Пандиона била нервная дрожь, всегда появлявшаяся у молодого эллина перед опасным боем.
Зверь втянул в себя воздух и начал медленно приближаться. В движениях животного, в его зловещем молчании, в упорном прямом взгляде больших глаз под выпуклым лбом было что-то отличавшее его от всех известных друзьям зверей. Люди инстинктивно поняли, что животное, встретившееся им, – пережиток иного, древнего мира, с другими законами жизни. Плечо к плечу, выставив копья, люди двинулись навстречу ночному чудовищу. На мгновение оно остановилось, озадаченное; потом, издав какой-то хрип, кинулось на троих друзей. Раскрылась громадная пасть, толстые зубы блеснули в лучах луны, а три длинных лезвия могучих копий впились в широкую грудь и шею чудовища. Люди не смогли сдержать напора – зверь обладал исполинской силой. Копья, упершиеся в массивные кости, вывернулись из рук: этруск, эллин и негр отлетели назад. Кидого и Пандион успели вскочить, а Кави был подмят зверем. Оба друга бросились на выручку. Чудовище присело на задние лапы и вдруг быстро взмахнуло передними. Притупленные когти ударили Пандиона по бедру с такой силой, что он упал, чуть не потеряв сознание. Зверь, наступив огромной лапой на ногу эллина, причинил ему невероятную боль: суставы хрустнули, когти животного разорвали мясо и кожу.
Пандион, не выпуская копья из рук, оттолкнулся от земли обеими руками, силясь встать, и услышал треск копья Кидого. Поднявшись на колени, Пандион увидел, что негр придавлен зверем, приближающим к нему свою раскрытую пасть. Кидого с вытаращенными глазами упирался руками под челюсть ночного страшилища, тщетно пытаясь отвратить от себя зубы зверя. На глазах Пандиона погибал его верный друг. Вне себя, уже не чувствуя боли, молодой эллин вскочил и вонзил животному копье в шею.
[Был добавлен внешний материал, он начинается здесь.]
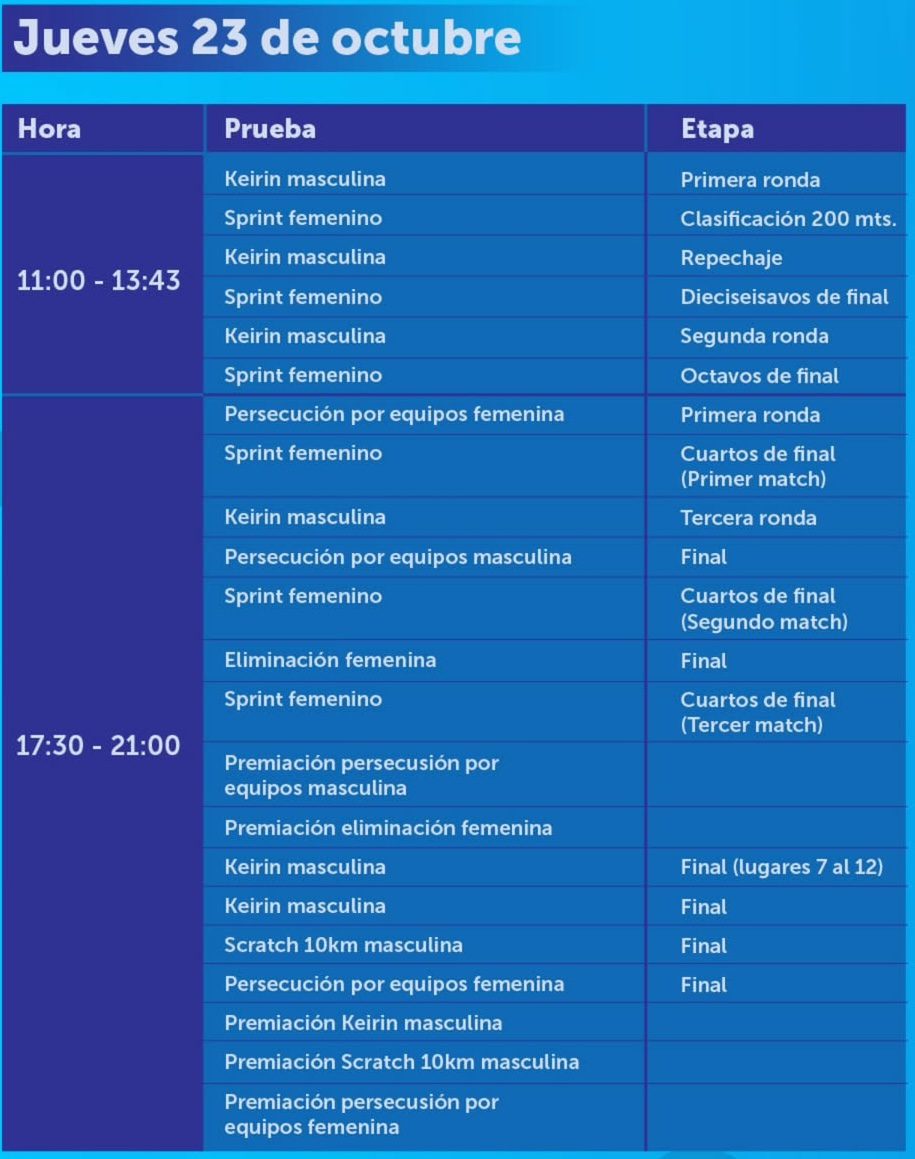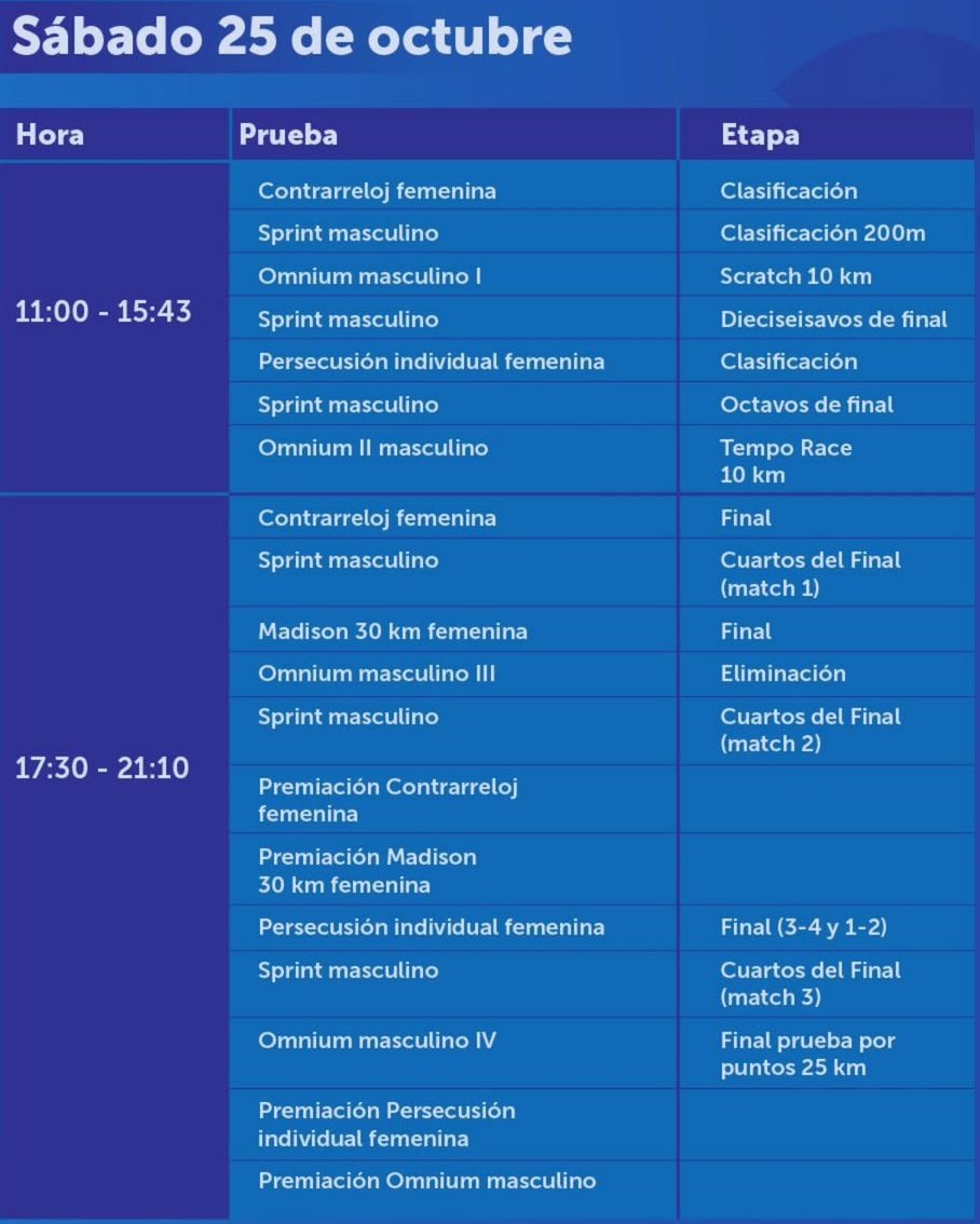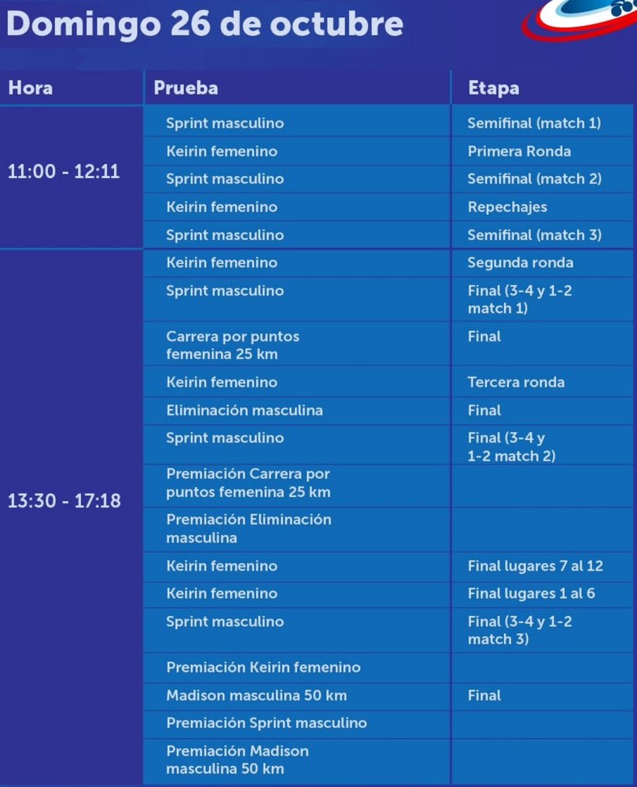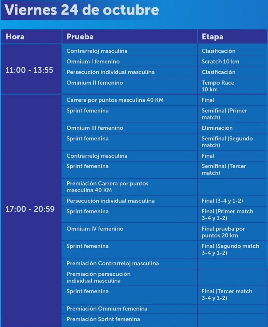 Las disciplinas de este evento son: Velocidad individual y por equipos, keirin, ómnium, madison, scratch, persecución individual y por equipos, eliminación, carrera por puntos y contrarreloj de 1K.

Зверь громко щелкнул зубами и повернулся к Пандиону, свалив его этим движением с ног. Молодой эллин не выпустил копья и, уперев древко в землю, задержал чудовище на несколько мгновений, и Кидого успел выхватить нож. Ни негр, ни эллин не увидели, что с другой стороны зверя поднялся Кави. Этруск хладнокровно нацелился и обеими руками погрузил копье под лопатку чудовища. Длинное лезвие вошло на локоть; рев вырвался из раскрывшейся пасти, зверь конвульсивно дернулся, перекинувшись влево к этруску. Тот, втянув голову в высоко поднятые плечи, пошатнулся, но устоял. Кидого с пронзительным воплем ударил ножом зверя в горло, и в этот момент копье этруска дошло до сердца чудовища. Тяжелое тело задергалось в судорогах, нестерпимое зловоние распространилось вокруг. Пандион вырвал копье, вонзив его снова в затылок, но этот последний удар был уже ненужным. Зверь, вытянув шею и ткнувшись мордой в ноги этруска, выбросил в сторону задние ноги. Они еще двигались, когти скребли почву, под кожей сокращались мускулы, но вздыбленная на затылке шерсть уже опала.
Опомнившись, три друга осмотрели свои раны. У этруска был вырван целый кусок мяса из плеча, борозды длинных когтей прополосовали спину. Нога Пандиона не была сломана – у него оказалась глубокая рана ниже колена, в стопе были, по-видимому, растянуты или разорваны связки так, что ступать на ногу молодой эллин не мог. Бок его вздулся и потемнел от удара лапы, но ребра оказались целы. Сильнее всех пострадал Кидого, получивший несколько больших ран и сильно помятый.
Друзья перевязывали друг друга разорванной на куски одеждой и радостно переживали свое избавление от страшного чудовища, недвижимо простертого перед ними в ярком свете луны. Больше всех был удручен Пандион: раненая нога не позволяла ему идти.
Кидого успокоил друга, уверяя, что сейчас они в безопасности: труп страшилища охраняет их от всех других хищников, а повелители слонов непременно хватятся и с рассветом найдут отставших.
Терпеливо превозмогая боль от горевших ран, друзья растянулись на жестком щебне, но не могли заснуть от возбуждения.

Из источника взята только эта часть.